What is needed – Could you write out the listing below exactly as it stands, leaving out the pictures?

Material provided Block Start

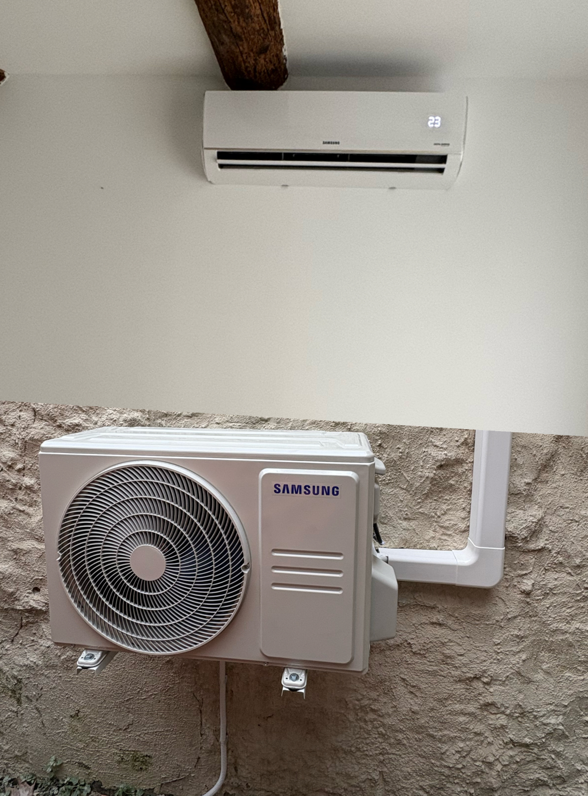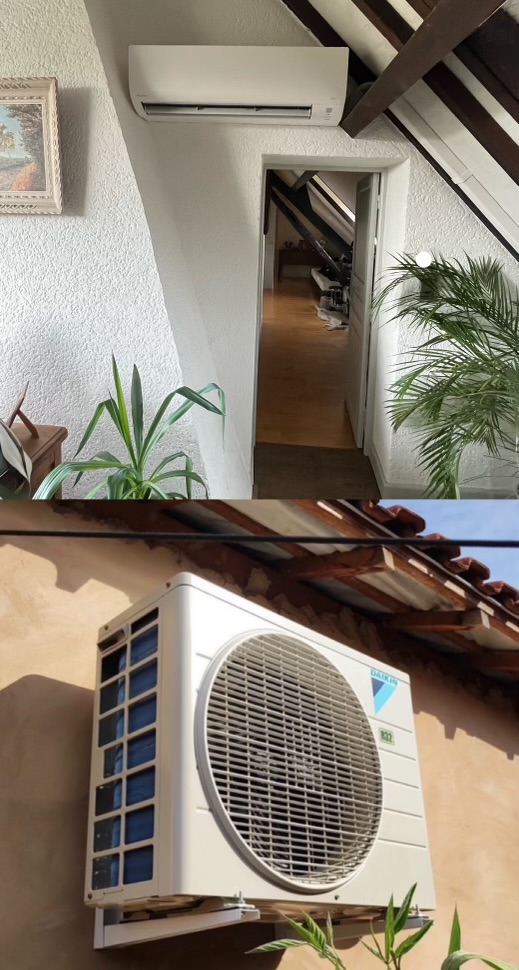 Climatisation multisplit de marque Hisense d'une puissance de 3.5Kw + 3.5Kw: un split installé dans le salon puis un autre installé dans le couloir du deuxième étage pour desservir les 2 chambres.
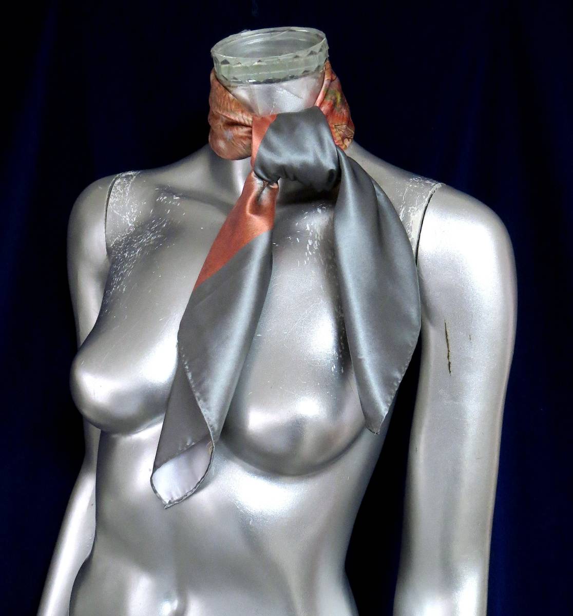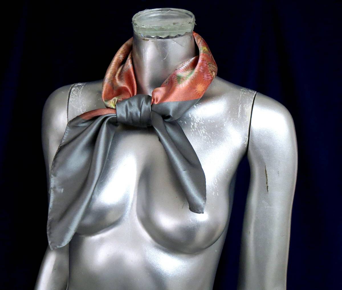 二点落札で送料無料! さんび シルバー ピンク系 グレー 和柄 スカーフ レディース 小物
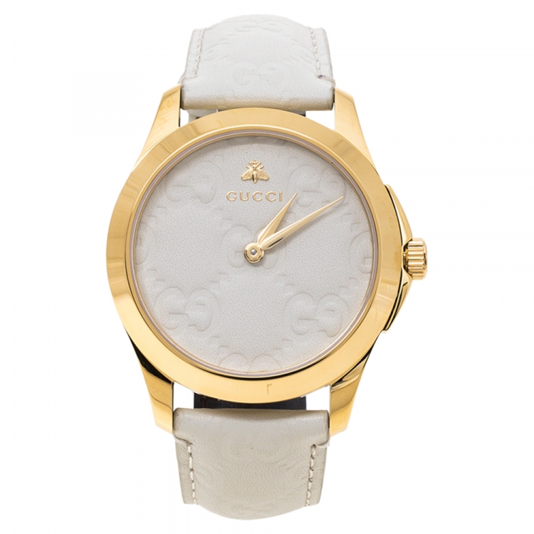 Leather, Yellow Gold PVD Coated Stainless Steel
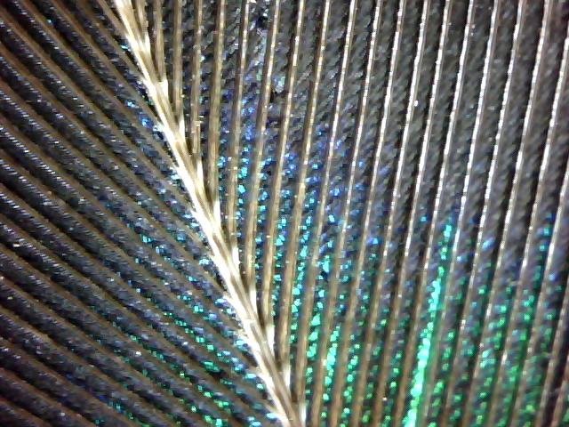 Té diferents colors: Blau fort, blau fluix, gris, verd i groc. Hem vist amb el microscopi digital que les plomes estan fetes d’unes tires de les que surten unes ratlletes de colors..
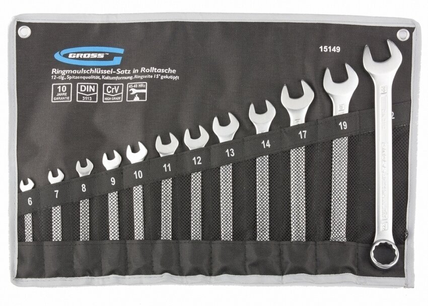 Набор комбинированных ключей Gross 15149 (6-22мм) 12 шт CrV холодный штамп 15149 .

Material provided Block End

Answer to this problem –
 Climatisation multisplit de marque Hisense d'une puissance de 3.5Kw + 3.5Kw: un split installé dans le salon puis un autre installé dans le couloir du deuxième étage pour desservir les 2 chambres.
 二点落札で送料無料! さんび シルバー ピンク系 グレー 和柄 スカーフ レディース 小物
 Leather, Yellow Gold PVD Coated Stainless Steel
 Té diferents colors: Blau fort, blau fluix, gris, verd i groc. Hem vist amb el microscopi digital que les plomes estan fetes d’unes tires de les que surten unes ratlletes de colors..
 Набор комбинированных ключей Gross 15149 (6-22мм) 12 шт CrV холодный штамп 15149 .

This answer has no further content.